Background: I am leveraging FHEW to implement some complex calculations and experiments. Now the FHEW
only works in single-thread environment, since many functions share the same global variables, like this:
......
double *in;
fftw_complex *out;
fftw_plan plan_fft_forw, plan_fft_back;
void FFTsetup() {
in = (double*) fftw_malloc(sizeof(double) * 2*N);
out = (fftw_complex*) fftw_malloc(sizeof(fftw_complex) * (N + 2));
plan_fft_forw = fftw_plan_dft_r2c_1d(2*N, in, out, FFTW_PATIENT);
plan_fft_back = fftw_plan_dft_c2r_1d(2*N, out, in, FFTW_PATIENT);
}
void FFTforward(Ring_FFT res, const Ring_ModQ val) {
for (int k = 0; k < N; ++k) {
in[k] = (double) (val[k]);
in[k+N] = 0.0;
}
fftw_execute(plan_fft_forw);
for (int k = 0; k < N2; ++k)
res[k] = (double complex) out[2*k+1];
}
.....
So to make it can be used in parallel, I first need to modify it to be used in multi-thread program. This work involves of allocating resources of every thread, adding lock of necessary global variables, etc. The multi-thread FHEW
works always OK until I employed it to implement a complicated function. At most times the result was correct except some rare occasions. So I began the tough debugging work.
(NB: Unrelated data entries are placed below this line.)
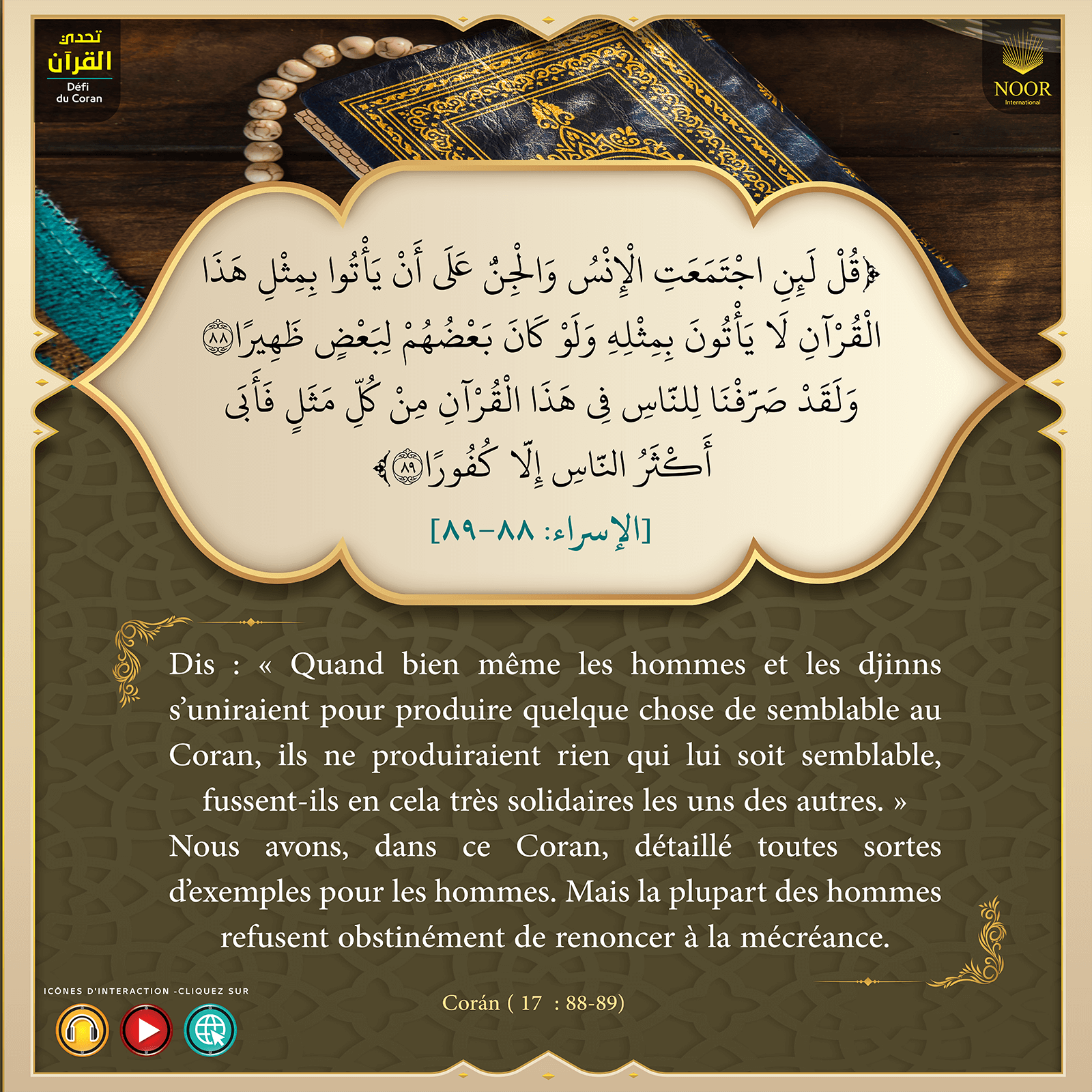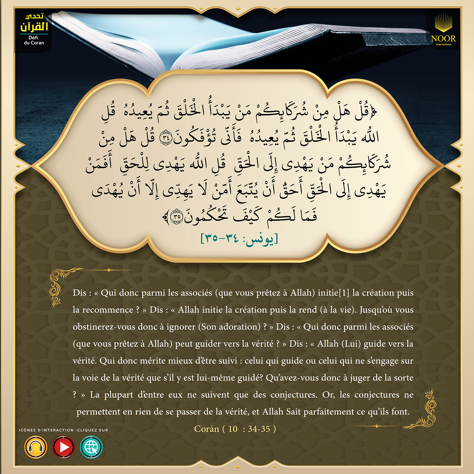 Lisez et télécharger votre exemplaire de la traduction du sens des versets du Noble Coran pour que vous puissiez découvrir les questions auxquelles vous n'arriviez pas à trouver des réponses dans d'autres livres. Rejoignez vite les milliards de personnes qui ont lu ce livre et dont la vie a complètement changé.
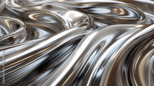 A close-up view of shiny, flowing metallic textures resembling liquid metal.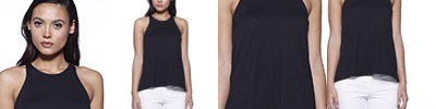 4.3 oz., 52% cotton 48% polyester, 30 singles; Ultra-fine cotton blend; Fashion fit; Side seams; Racerback | exposed shoulders; Tear-away label; Made in a w.r.a.p. certified factory;

(1) Log. Undoubtedly, the log is the most effective one in all debugging tools. I tried to add as many traces as I can. An important attention you must pay is now that multiple threads are running simultaneously, you must identify the logs are from which thread. For example, if you use OpenMP
, you can use following code to differentiate thread IDs:
......
printf("Thread(%d/%d) ......", omp_get_thread_num(), omp_get_num_threads(), ......);
......
After analyzing the log, a function was spotted, but it did noting but use 2
consecutive HomNAND to implement the AND operations (You should consider HomNAND
is just a NAND gate in logical circuit, and use two NAND
gates can realize AND gate.). According to AND gate truth-table, when two inputs are 0
, the output should be 0
too, but in my program, the result is 1
, which causes the final error.
(2) Simplify the program and try to find the reproducible condition. Since the bug was related to HomNAND
and my original program was a little complicated, I needed to do some simple tests and try to find the reproducible condition. I designed 3
experiments:
a) Use original single-thread FHEW
, and execute one HomNAND
continuously:
for (;;) {
......
HomNAND();
......
}
b) Use modified multi-thread FHEW
, and spawn 8
threads. Every thread run one HomNAND
in dead-loop:
#pragma omp parallel for
for (int loop = 0; loop < 8; loop++) {
......
HomNAND();
......
}
c) Use modified multi-thread FHEW
, and spawn 8
threads. Every thread run two HomNAND
s to achieve AND
function in dead-loop:
#pragma omp parallel for
for (int loop = 0; loop < 8; loop++) {
......
HomNAND()
HomNAND();
......
}
After testing, I found case a) and b) were always OK, while c) would generate wrong results after running 1
or 2
hours.
(3) Now the thing became intricate. Because I modified the FHEW
, and FHEW
also used FFTW
, it was not an easy task to locate where the problem was. Additionally, the thread-safe usage of FFTW
also involved many discussions (like this) and pitfalls (like this), so I resort the authors of FFTW
to make sure my code is not wrong.
(4) Back to the experiments, I suddenly found that I have tested single-thread-single-HomNAND, multiple-thread-single-HomNAND, multiple-thread-two-HomNAND cases, but how about single-thread-two-HomNAND? If single-thread-two-HomNAND case can fail, it can prove the my modification code was innocent, and the problem should reside on the original FHEW
code:
for (;;) {
......
HomNAND();
HomNAND();
......
}
Yeah, I was very lucky! After one hour, the error occurred. The murder was found, so the next step was to seek solution with the author.
Based on this experience, I think analyzing log and simplifying test model are very important techniques during resolving parallel program bugs. Hope everyone can improve debugging ability, happy debugging!